Classics in the Carolinas: Tallulah goes to college

At Byrnes Auditorium at Winthrop University, actress Tallulah Bankhead performed her one of her favorite stage role in the play “Little Foxes.”

Yes, Tallulah Bankhead performed at my alma mater in 1940.

Tallulah Bankhead wasn’t your typical Southern Belle.

Tallulah Bankhead as Regina Giddens in "The Little Foxes."

Tallulah Bankhead as Regina Giddens in “The Little Foxes.”

Born in Huntsville, AL, Bankhead’s father was William B. Bankhead-a politician from Alabama and Representative from 1917 to 1940.

But despite her prominent background, Bankhead has been described as flamboyant, wild and dabbled in alcohol and drugs such as cocaine and marijuana.

She left her Southern roots at the age of 15 to travel to New York to become an actress and made her stage debut in 1918. She later was in Hollywood films starting in the 1930s.

After acting in films alongside Gary Cooper, Robert Montgomery and Charles Laughton, Bankhead made her way back to her southern roots.

In 1939, Bankhead originated the stage role of Regina Giddens in the Lillian Hellman play “The Little Foxes.”

Based in the early 20th century in the South, Regina manipulates her daughter and estranged husband to work out a business deal with her unscrupulous cousins.

“All in all, Regina Giddens is the best role I ever had in the theater,” Bankhead wrote in her autobiography, Tallulah: My Autobiography. “So The Little Foxes is the best play I’ve had.

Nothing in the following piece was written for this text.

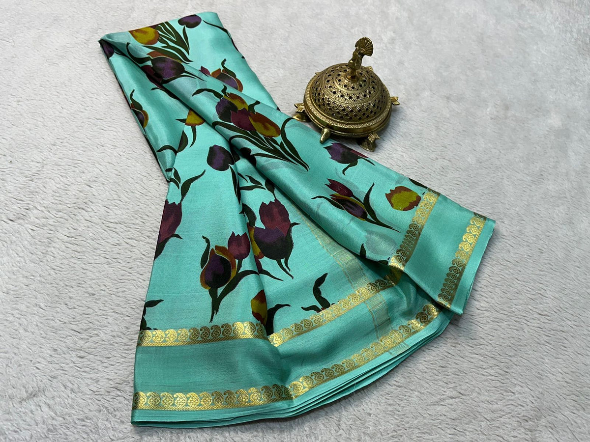 Graceful Printed Mysore Crepe Saree For Functions And Parties Ethnic Style

Up to this time most of my roles had been on the light and larkish side.”

Later made into a 1941 film starring Bette Davis, “The Little Foxes” ran for 410 performances at the National Theatre on Broadway.

“The Little Foxes” brought Bankhead to Rock Hill, SC.

Tallulah Bankhead and actress Eugenia Rawls perform in "The Little Foxes"

Tallulah Bankhead and actress Eugenia Rawls perform in “The Little Foxes”

On March 4, 1940, she performed her role of Regina Giddens on the stage of the brand new Byrnes Auditorium of Winthrop College (now Winthrop University) which was an all-girls school until 1975.

“Her seductive southern drawl was an instant hit in South Carolina,” according to the book York and Western York County, SC: The Story of a Southern Eden by J. Edward Lee and Jerry Lee Wes. “After her performance, the audience gave her a standing ovation.”

Bankhead had ties to York County. Her great-great-grandfather George Bankhead moved to lived in Bullock’s Creek, York County South Carolina before moving to Alabama in 1830, according to Lee and Wes’s book.

“As a (local) reporter asked the Hollywood actress about her fast-paced life in California, Bankhead…reminded the journalist, ‘Dahling, I’m from Bullock’s Creek,’” Lee and Wes wrote.

Though Bankhead was not in the film adaptation of the play, her Broadway costars Dan Duryea, Charles Dingle, Carl Benton Reid, and Patricia Collinge starred with Bette Davis.

Knowing that Tallulah Bankhead once walked on a campus where I studied journalism, makes me feel just a little closer to the Golden Era of Hollywood.